Explanation: A current flowing through a wire generates its own magnetic field around the surface of the wire. If this self-generated magnetic field exceeds the superconductor’s critical magnetic field ($B_c$ for Type I, $B_{c2}$ for Type II), the wire will lose its superconductivity.
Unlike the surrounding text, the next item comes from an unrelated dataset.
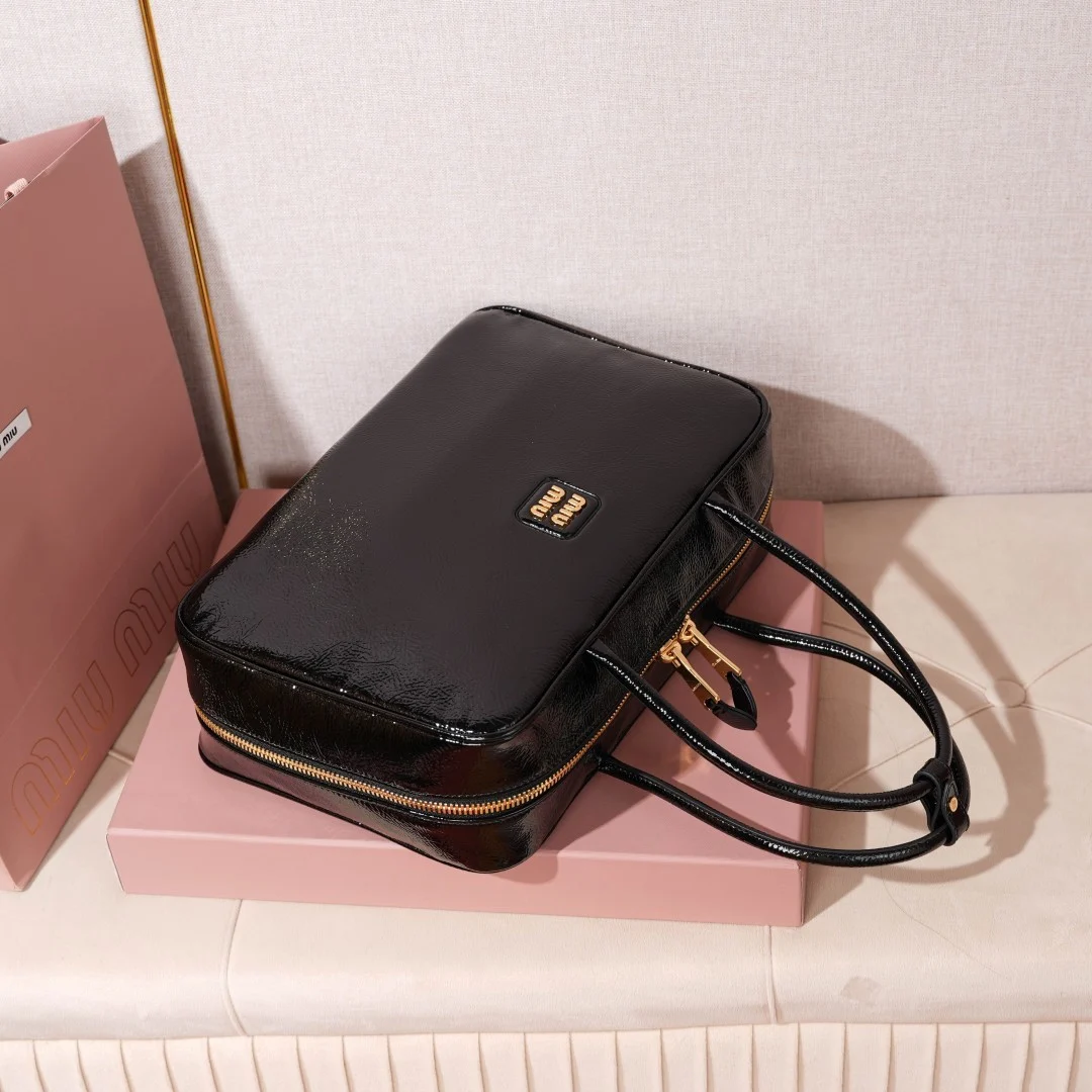 Miu Miu Beau Naplak Patent Leather Bag in Palisander (a rich, glossy brown). This model is a fusion of retro-inspired bowling bag silhouettes and contemporary luxury.

This is known as the Silsbee effect.

Step-by-Step Solution: Parameters: Diameter $=1\text{ mm}⟹\text{radius }r=0.5\text{ mm}=0.0005\text{ m}$. Cross-sectional Area $A=\pi r^2=\pi (0.0005{)}^2=7.854\times 10^{-7}{\text{ m}}^2$.
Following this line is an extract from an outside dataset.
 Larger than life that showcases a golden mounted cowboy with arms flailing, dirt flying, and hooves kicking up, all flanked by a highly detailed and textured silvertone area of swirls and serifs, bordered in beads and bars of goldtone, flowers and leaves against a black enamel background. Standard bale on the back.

(a) For Tin (Sn; Type I): Critical Field $B_c=0.2\text{ T}$. The maximum current $I_{max}$ is reached when the surface field equals $B_c$: $B_c=\frac{{\mu }_0{I}_{max}}{2\pi r}$ $I_{max}=\frac{B_c(2\pi r)}{{\mu }_0}$ $I_{max}=\frac{0.2\times 2\pi \times 0.0005}{4\pi \times 10^{-7}}=\frac{0.0002}{2\times 10^{-7}}=1000\text{ A}$ The critical current density ($J_c$) is: $J_c=\frac{I_{max}}{A}=\frac{1000}{7.854\times 10^{-7}}=1.27\times 10^9{\text{ A/m}}^2$

(b) For $N{b}_{3}Sn$ (Type II): Upper Critical Field $B_{c2}=24.5\text{ T}$. $I_{max}=\frac{B_{c2}(2\pi r)}{{\mu }_0}$ $I_{max}=\frac{24.5\times 2\pi \times 0.0005}{4\pi \times 10^{-7}}=\frac{0.0245}{2\times 10^{-7}}=122,500\text{ A}$ The critical current density ($J_c$) is: $J_c=\frac{I_{max}}{A}=\frac{122,500}{7.854\times 10^{-7}}=1.56\times 10^{11}{\text{ A/m}}^2$ (Note: As the textbook highlights, Type II materials can carry phenomenally larger currents before self-induced magnetic fields destroy their superconducting state).